# What this book is about?


This book introduces one of the most beautiful programming paradigms so-called neural networks. In the conventional approach to programming, **we tell the computer what to do**. By contrast, in a neural network we don't tell the computer how to solve our problem. Instead, **it learns from observational data**, **figuring out its own solution to the problem**.



The purpose of this book is to **help you master the core concepts of neural networks**. One conviction underlying the book is that **it's better to obtain a solid understanding of the core principles of neural networks and deep learning**, rather than a hazy understanding of a long laundry list of ideas. If you have understood the core ideas well, you can rapidly understand other new material. **You need to understand the durable, lasting insights underlying how neural networks work.**

**Technologies come and go, but insight is forever.**

You will learn the core principles behind neural networks and deep learning by attacking a concrete problem: the problem of teaching a computer to recongnize handwritten digits. This book will not only include abstract theory but also living code, and you will understand the fundamentals **both in theory and practice.**

# 1 - Using nerual nets to recognize handwritten digits
## 1.1 - Perceptrons

Perceptrons are a type of artificial neuron. Though today it is more common to use other models of artificial neurons on neural networks, and the main neuron model used is one called $sigmoid\;neuron$. But to understand why sigmoid neurons are defined the way they are, it is worth taking time to first understand perceptrons.

A perceptron takes several binary inputs,$x_1$,$x_2$,..., and produces a single binary output:

![perceptron](../picture/chapter1/p1.png)

Each input with a corresponding $weight$ to compute the output. The weights are real numbers represent the importance of the respective inputs to the output. The larger value of $w_1$ indicates that the input $x_1$ is more important. The neuron's output, 0 or 1, is determined by whether the weighted sum $\sum_j w_jx_j$ is less than or greater than some $threshold\;value$. Just like the weights, the threshold is a real number which is a parameter of the neuron. To put it in more precise algebraic terms:
![perceptron](../picture/chapter1/p2.png)
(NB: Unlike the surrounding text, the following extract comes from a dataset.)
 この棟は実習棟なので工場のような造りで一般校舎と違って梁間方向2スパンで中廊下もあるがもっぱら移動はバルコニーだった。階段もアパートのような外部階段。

We can make two notational changes to simplify this description. The first change if to write $\sum_j w_jx_j$ as a dot product, $w\cdot x = \sum_j w_jx_j$, where $w$ and $x$ are **vectors** whose components are the weights and inputs respectively. The second change is to remove the threshold to the other side of the inequality and to replace it by $bias$, $b \equiv -threshold$. So bias can be consider as a measure of how easy it is to get the perceptron to output a 1. Then the preceptron rule can be rewritten:
![perceptron](../picture/chapter1/p3.png)
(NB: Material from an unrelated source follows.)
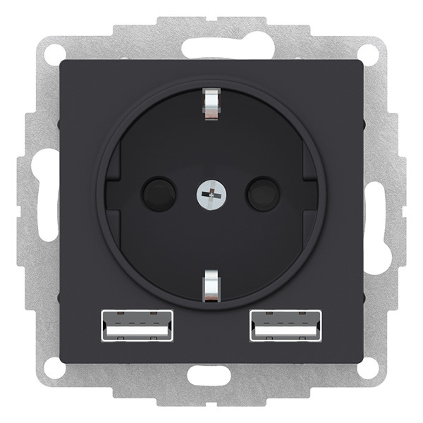 - SO + USB розетка A+A, 5В/2,4А, 2х5В/1,2 А, карбон Systeme Electric (Schneider Electric) AtlasDesign ATN001030
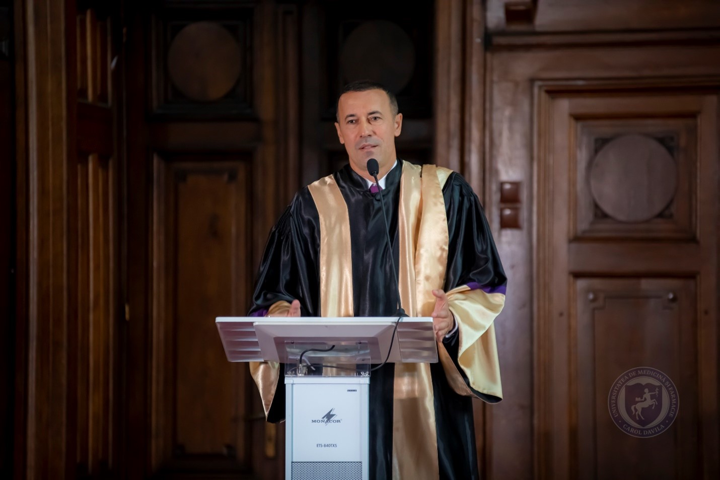 În cuvinte pline de căldură, Rectorul Universităţii de Medicină şi Farmacie ,,Carol Davila”, Prof. Univ. Dr. Viorel Jinga, s-a adresat noilor ,,boboci”, felicitându-i pentru reuşita la examenul de admitere, deloc uşor, pentru şansa la o nouă viaţă profesională de o mare utilitate, dar şi de o mare satisfacţie sufletească, pe aceste meleaguri, care au dat atâtea mari personalităţi României, în atât de diferite domenii de manifestare, precum medicină, poezie, teatru, etc. Cu aceeaşi căldură, s-au adresat sălii arhipline de studenţi, părinţi şi numeroşi participanţi, dna Prof. Univ. Dr. Ecaterina Ionescu şi dl Prof. Univ. Dr. Silviu Mirel Piţuru, Prorectori ai Universităţii de Medicină şi Farmacie ,,Carol Davila”, cât şi dl Prof. Univ. Dr. Victor Strâmbu, Decanul Facultăţii de Moaşe şi Asistenţă Medicală.

We can use perceptrons to both make decisions and compute the elementary logical functions such as AND, OR, and NAND. 

Let $x_1$, $x_2$,..., represent the evidence of a decision respectively and $w_1$, $w_2$,..., indicate the importance of corresponding evidence. Finally, you should only define the $bias$ and the value of the $bias$ means how desirable you want to make that decision.

The following perceptron has two inputs, each with weight -2, and an overall bias of 3 like:
![perceptron](../picture/chapter1/p4.png)
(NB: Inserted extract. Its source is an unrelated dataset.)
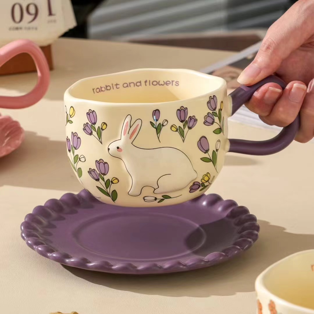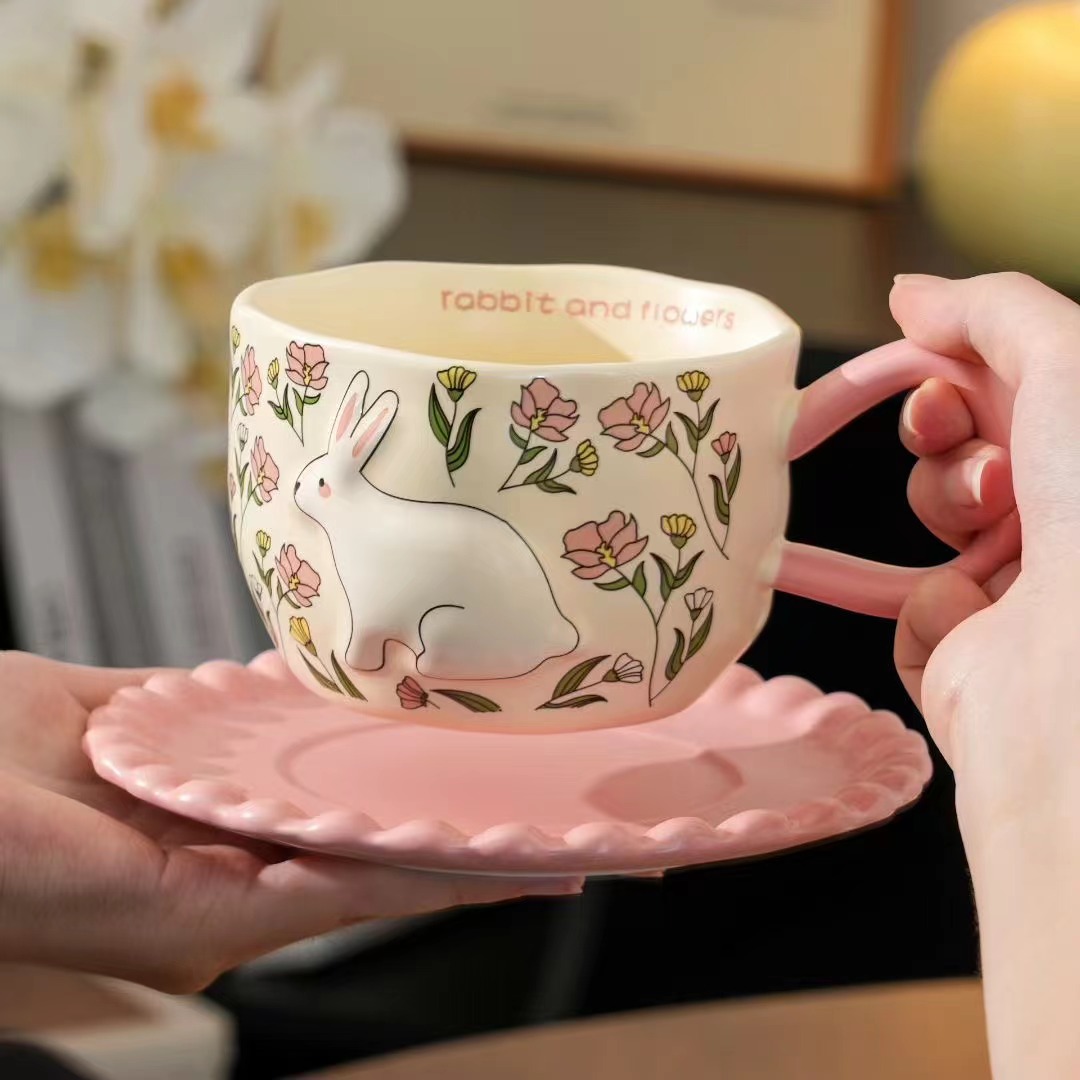 | Production Name | Flower and Bunny Ceramic Cup and Saucer Set |

Then we see that input 00 produces output 1, since (-2)x0 + (-2)x0 + 3 = 3 is positive. Similar calculations show that the inputs 01 and 10 produce output 1. But the input 11 produces output 0, since (-2)x1 + (-2)x1 + 3 = -1 is negative. And so our perceptron implements a NAND gate!

Becasue the NAND gate is universal for computation, that is, we can build any computation up out of NAND gate, so we can use networks of perceptrons to compute any logical function at all.